Notice what happens when you add theme_bw() (my favorite!) to the plot.

# build density plot
ggplot(nominate100_df, aes(x = ideology, fill = party)) + 
  geom_density(alpha = 0.5) + 
  theme_bw()

If you are interested, the ggthemes package includes several other themes.

Theme Description
theme_economist() based on the Economist
theme_economist_white() based on the Economist
theme_excel() based on Excel
theme_few() based on Few’s “Practical Rules for Using Color in Charts”
theme_fivethirtyeight() based on fivethirtyeight.com plots
theme_gdocs() based on Google docs
theme_igray() inverse grey
theme_pander() based on the pander package
theme_solarized() based on the Solarized palette
theme_solarized_2() based on the Solarized palette
theme_stata() based on default Stata graphics
theme_tufte() based on Tufte–minimum ink, maximum data
theme_wsj() based on Wall Street Journal

Try the the infamous (famously ugly) Excel theme.

# load packages
library(ggthemes)  # for additional themes and even more fun!

# build density plot
ggplot(nominate100_df, aes(x = ideology, fill = party)) + 
  geom_density(alpha = 0.5) + 
  theme_excel()

Exercise 3.21 What are themes in ggplot2? What do they control/change?

Exercise 3.22 How do you change the theme of a ggplot?

Exercise 3.23 What are a few theme options from ggplot2? From ggthemes?

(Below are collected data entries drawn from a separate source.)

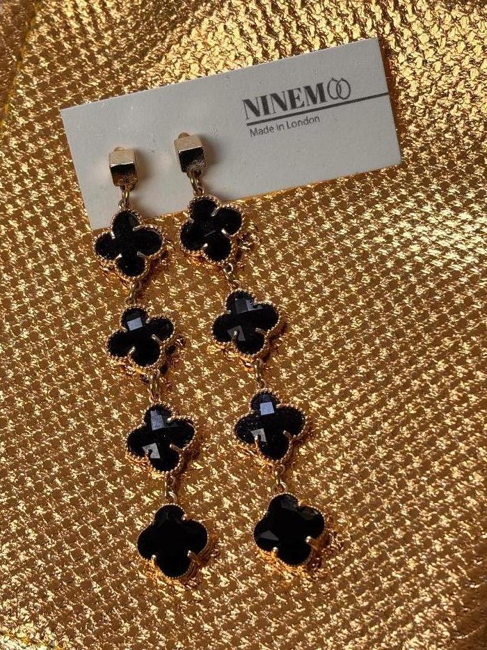 Ninemoo Gold & Black Clover Drop Earrings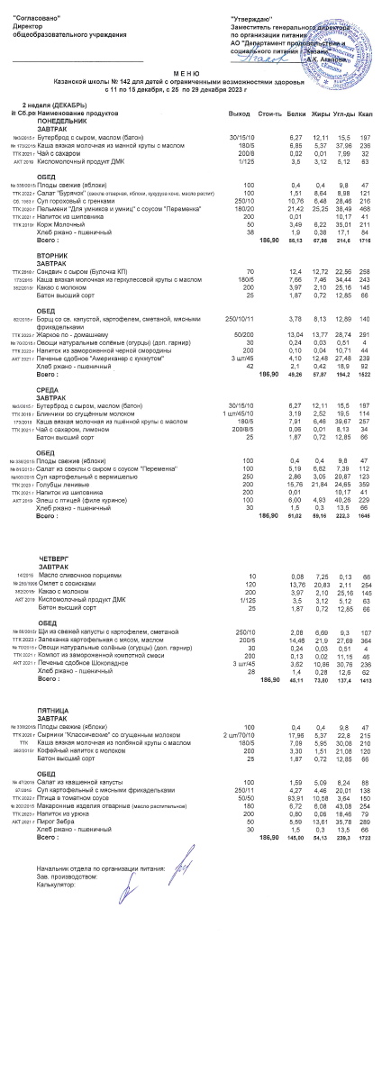 Меню с 11 по 15 декабря, с 25 по 29 декабря 2023 года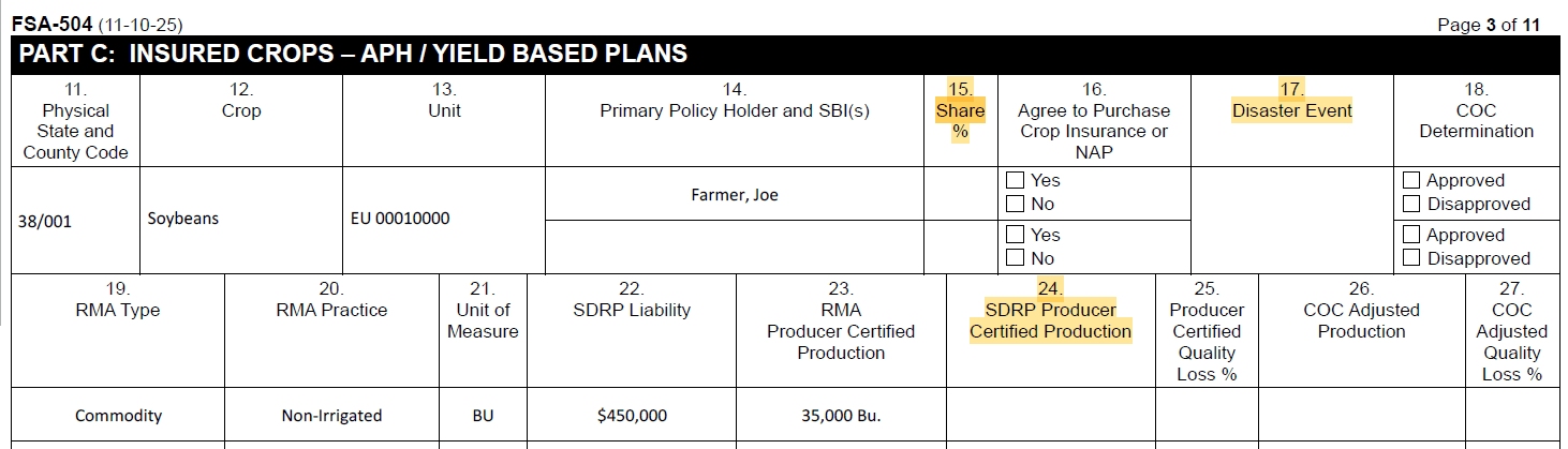 Like Stage 1, you will need to complete the share percentage (box 15) and disaster event (box 17) boxes. The disaster qualifying events are the same as Stage 1. In our area, drought or excess moisture are the qualifying events. You can only use drought if your county is listed here: https://www.fsa.usda.gov/tools/informational/fact-sheets/supplemental-disaster-relief-program-drought-eligible-counties-2023.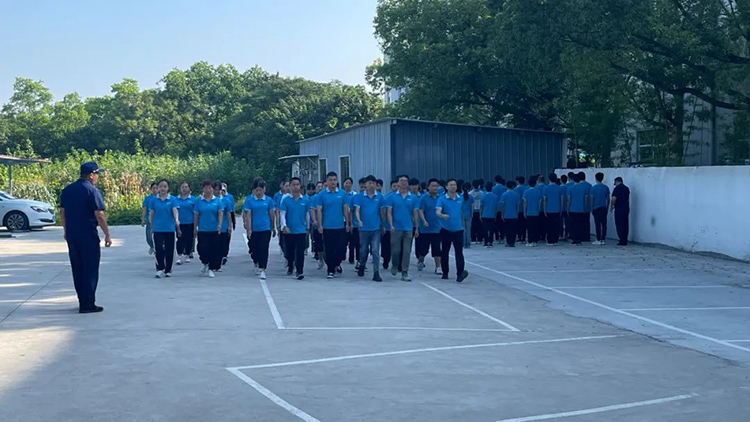 “稍息,立正,向右看齐,向前看。”随着教官一声声口号的响起,祈禧(集团)全体职工在坎墩厂区内开始了为期两天的军训!本次军训内容主要包括消防安全培训和消防演练,以及站军姿、齐步走、跑步走、敬礼、停止间转法、基础队列动作要领等项目。为普及消防安全知识,有效预防和减少消防事故的发生,切实做好消防安全宣传工作,祈禧(集团)与坎墩消防队联合组织了这次全厂范围内的消防知识培训和消防应急预案实战演练,以演代练,防患未“燃”,传递消防安全“正能量”。消防安全演练8月11日上午,坎墩消防队队长戎高明结合近期发生的火灾案例,用通俗易懂的语言,向大家详细介绍了消防安全知识,以及发生火情后如何进行逃生自救、拨打119火警电话时应该注意的事项。并提醒大家要定期检查身边的消防安全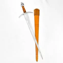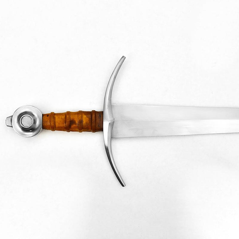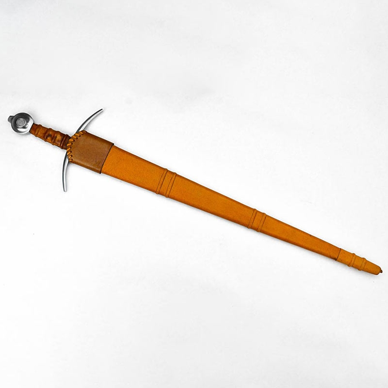 The Comte de Nieuwekerke Sword has a blade of tempered high carbon steel which is durably mounted and peened into a hilt of steel with a wooden grip. The grip is finished with a wrap of leather and a wooden sword with a matching leather wrap completes the sword.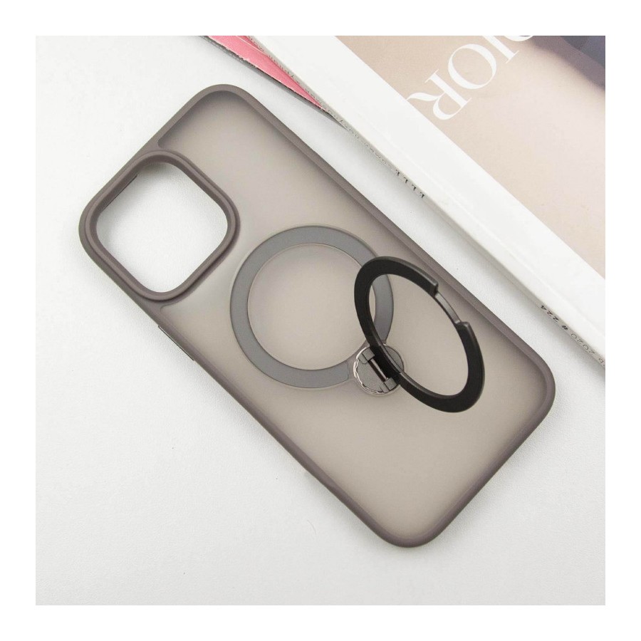 TPU+PC чохол Metal Buttons with MagSafe Colorful HQ Ring для Apple iPhone 15 (6.1") Grey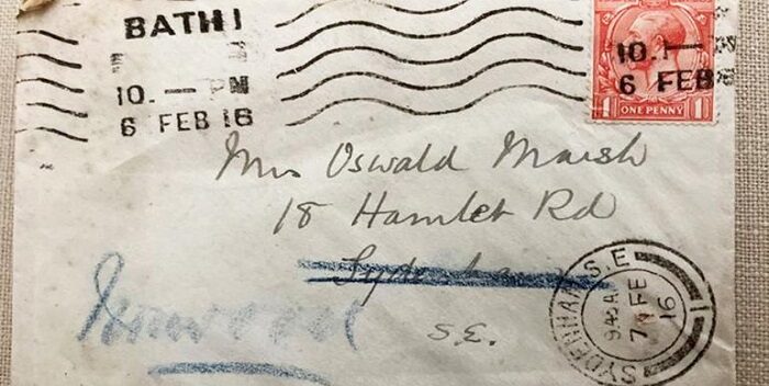 Una carta enviada en febrero de 1916 sorprendió a los residentes del destino indicado en el sobre, en el barrio londinense Crystal Palace, cuando en 2021 la recibieron en su buzón.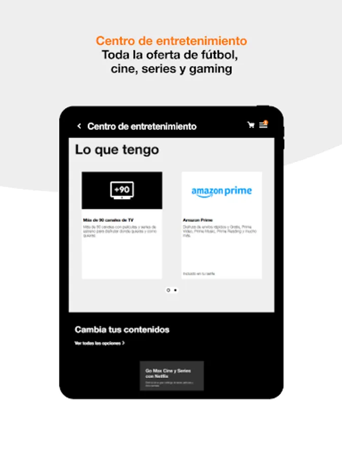 • Enjoy the Entertainment Center. Access and activate the entire offer of Soccer, movies, series and gaming. Activate Dazn, Amazon and Netflix.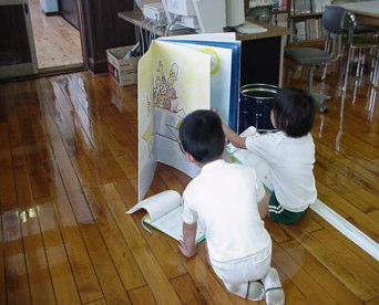 としょしつ ずらりとならぶ ほん・ほん・ほん!なんと3000さついじょうのほんがあります。えほんがだいすきなこどもたち!にんきのほんは、しかけのあるえほんやこわいおはなしです。おおきなえほんにびっくりしながらたのしくよんでいました。 |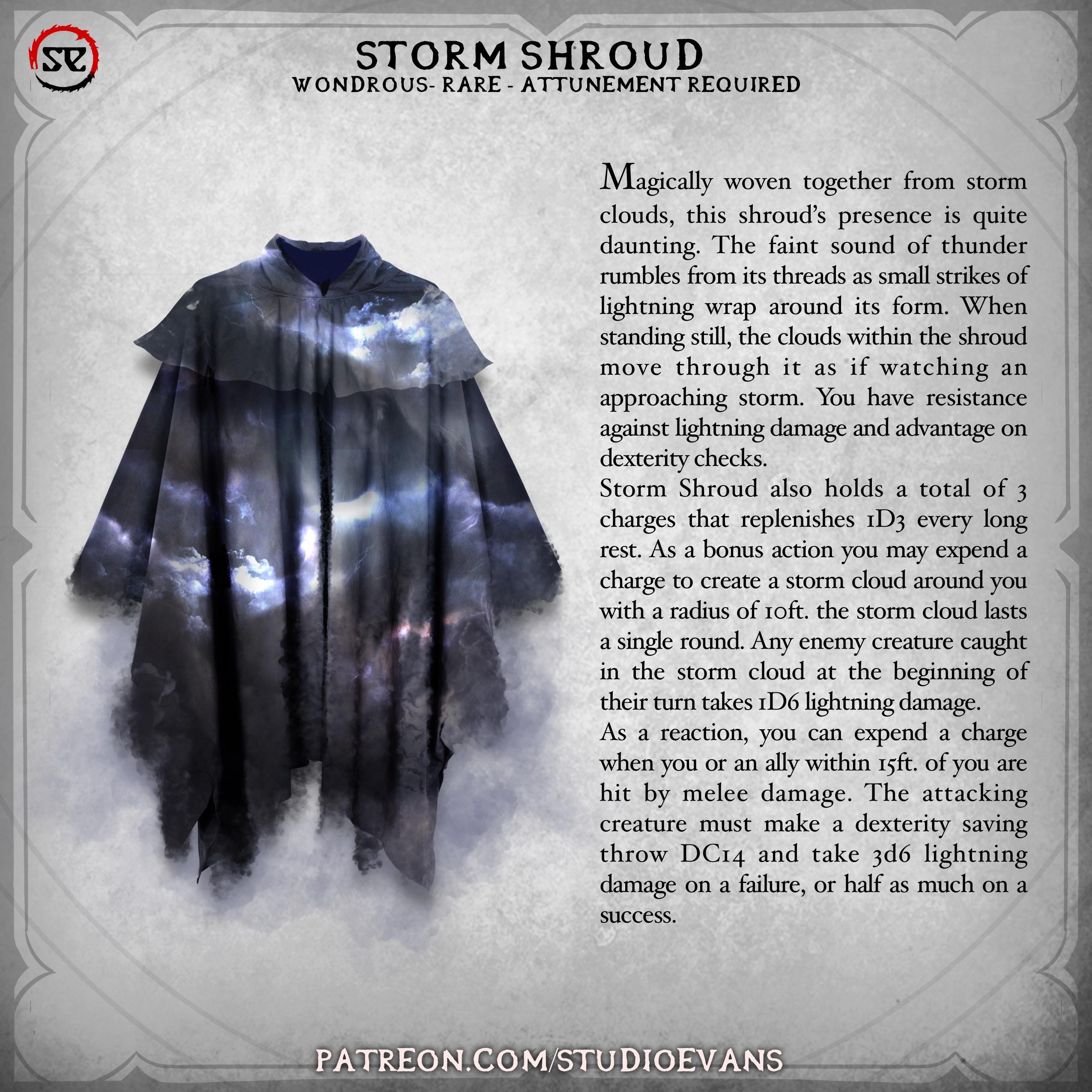 This grey cloak cracks with occasional illusory lightning, opaque and subtle through the clouded pattern when you walk or cast a spell. The cloak has 8 charges and regains 1d6 + 2

Exercise 3.24 Try a few different themes from both ggplot2 and ggthemes. What is your favorite and why?

3.9 Exercises

Exercise 3.25 Putting It All Together Create a density plot mapping ideology to x and color or fill to party. Facet by congress. This should generate separate density plots for each Congress. Adjust the alpha transparency appropriately. Add a nice title and axis labels. If you want to fix the misleading default colors and/or fills, you can add scale_color_manual(values = c("Democrat" = "blue", "Republican" = "red")) and/or scale_fill_manual(values = c("Democrat" = "blue", "Republican" = "red")), respectively, to your ggplot code (the first controls the color; the second controls the fill). Answer the following questions:

  1. Interpret the ideology histograms. How have the distributions of MC ideology shifted? Is Congress becoming more polarized?
  2. Look at the histograms for each party in the 100th and 115th congress. Roughly, want is the average (or “typical”) ideology for each party. Has one party shifted away from the center (i.e., zero) more than the other between the 100th and 115th?
  3. Has the variation within each party changed? Have Democrats become more, or less ideologically heterogenous? Republicans?
  4. Think back to your model of congressional polarization. How well does it fit with our final histogram? Are there any features of the figure that are incompatible with your model? How could you update your model to account for these?
  5. Based on these data, formulate a hypothesis predicting the distribution of ideology in the public. Given that DW-NOMINATE scores are not available for every citizen in the country, what sort of data could you gather to evaluate your claim?
Solution

If you rely on this solution, make sure you can explain the purpose of each line. See what changes if you take that line out, for example.

## Warning: Removed 25 rows containing non-finite values (stat_density).